* _What the exercise asks_
Without the images, write out all of the following entries exactly.

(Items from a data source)
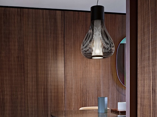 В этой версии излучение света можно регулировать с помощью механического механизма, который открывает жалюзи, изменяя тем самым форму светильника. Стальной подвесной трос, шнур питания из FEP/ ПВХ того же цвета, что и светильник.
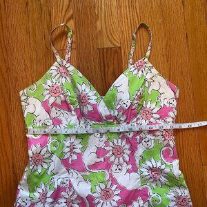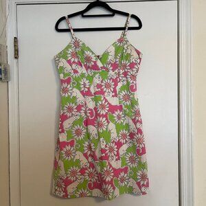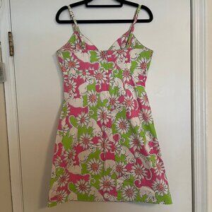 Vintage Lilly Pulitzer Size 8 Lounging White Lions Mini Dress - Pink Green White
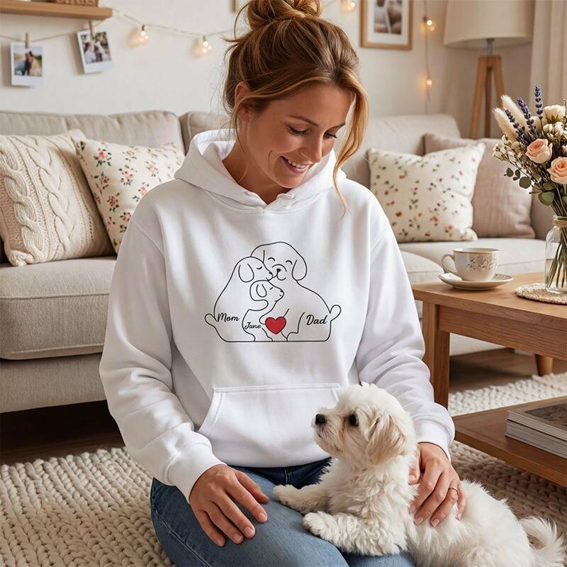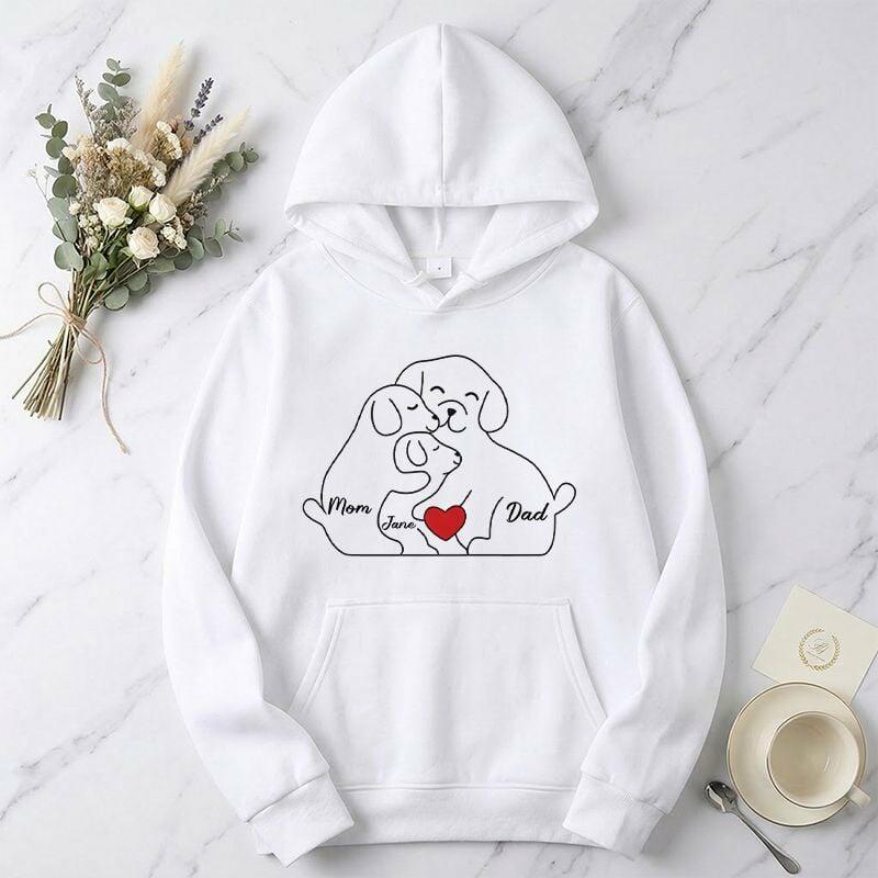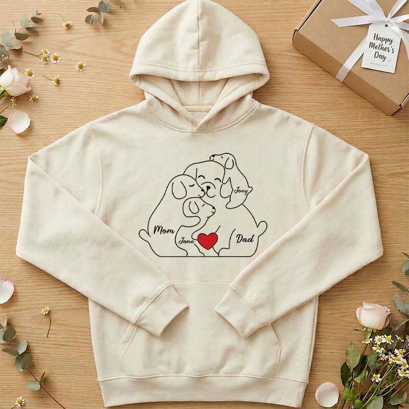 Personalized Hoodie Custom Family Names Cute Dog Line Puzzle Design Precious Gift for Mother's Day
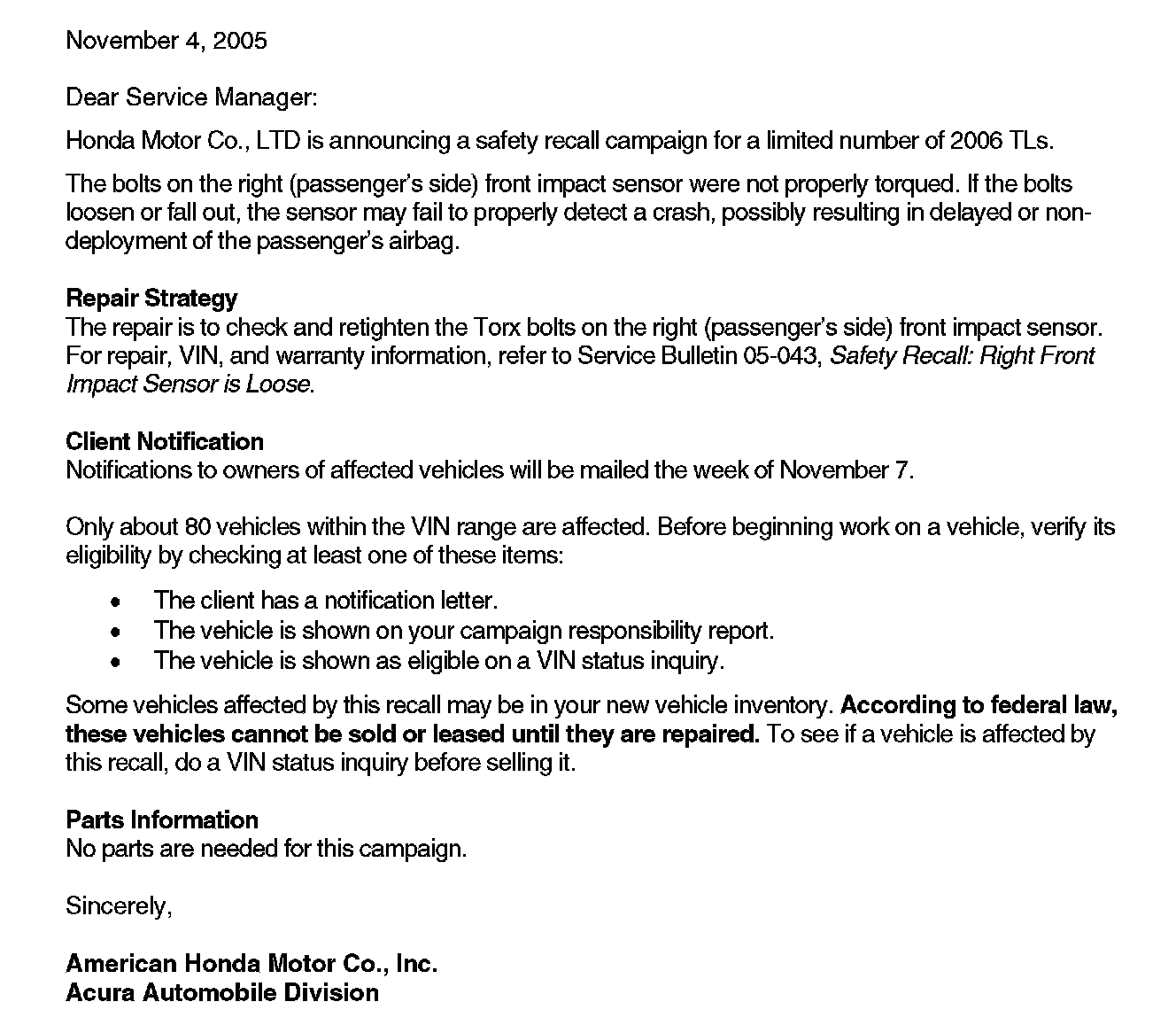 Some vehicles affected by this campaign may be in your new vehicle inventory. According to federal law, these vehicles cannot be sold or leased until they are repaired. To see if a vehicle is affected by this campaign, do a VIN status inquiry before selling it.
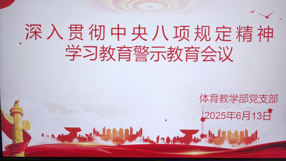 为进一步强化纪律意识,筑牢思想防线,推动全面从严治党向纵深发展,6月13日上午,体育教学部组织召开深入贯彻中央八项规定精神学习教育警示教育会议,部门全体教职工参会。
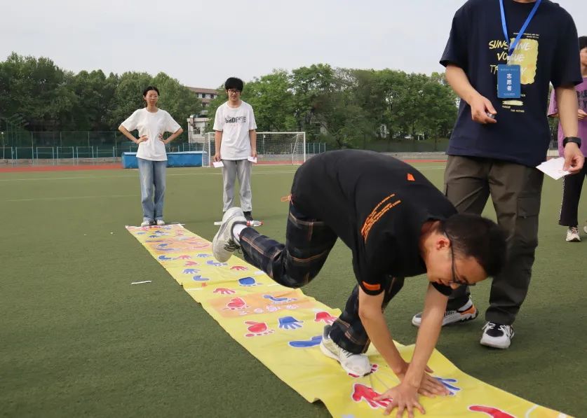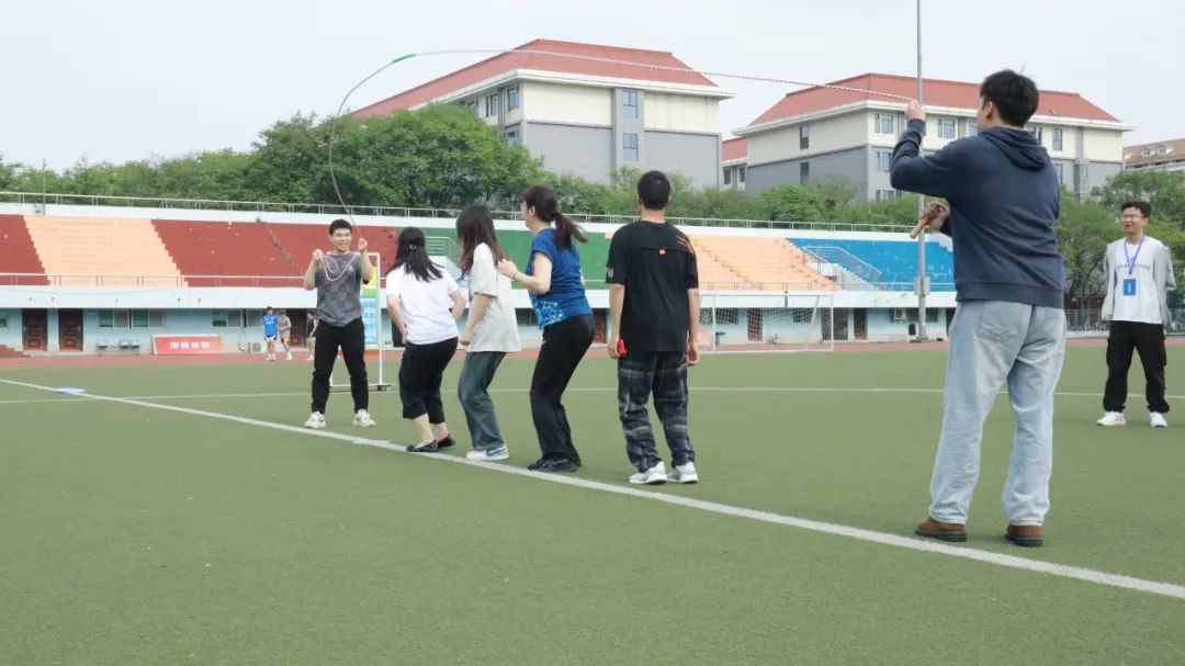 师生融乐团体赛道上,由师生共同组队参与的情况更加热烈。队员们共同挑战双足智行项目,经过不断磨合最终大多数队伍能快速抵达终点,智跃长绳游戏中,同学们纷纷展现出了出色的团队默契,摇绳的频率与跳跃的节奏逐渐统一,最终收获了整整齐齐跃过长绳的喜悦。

* _Answer_
 В этой версии излучение света можно регулировать с помощью механического механизма, который открывает жалюзи, изменяя тем самым форму светильника. Стальной подвесной трос, шнур питания из FEP/ ПВХ того же цвета, что и светильник.
 Vintage Lilly Pulitzer Size 8 Lounging White Lions Mini Dress - Pink Green White
 Personalized Hoodie Custom Family Names Cute Dog Line Puzzle Design Precious Gift for Mother's Day
 Some vehicles affected by this campaign may be in your new vehicle inventory. According to federal law, these vehicles cannot be sold or leased until they are repaired. To see if a vehicle is affected by this campaign, do a VIN status inquiry before selling it.
 为进一步强化纪律意识,筑牢思想防线,推动全面从严治党向纵深发展,6月13日上午,体育教学部组织召开深入贯彻中央八项规定精神学习教育警示教育会议,部门全体教职工参会。
 师生融乐团体赛道上,由师生共同组队参与的情况更加热烈。队员们共同挑战双足智行项目,经过不断磨合最终大多数队伍能快速抵达终点,智跃长绳游戏中,同学们纷纷展现出了出色的团队默契,摇绳的频率与跳跃的节奏逐渐统一,最终收获了整整齐齐跃过长绳的喜悦。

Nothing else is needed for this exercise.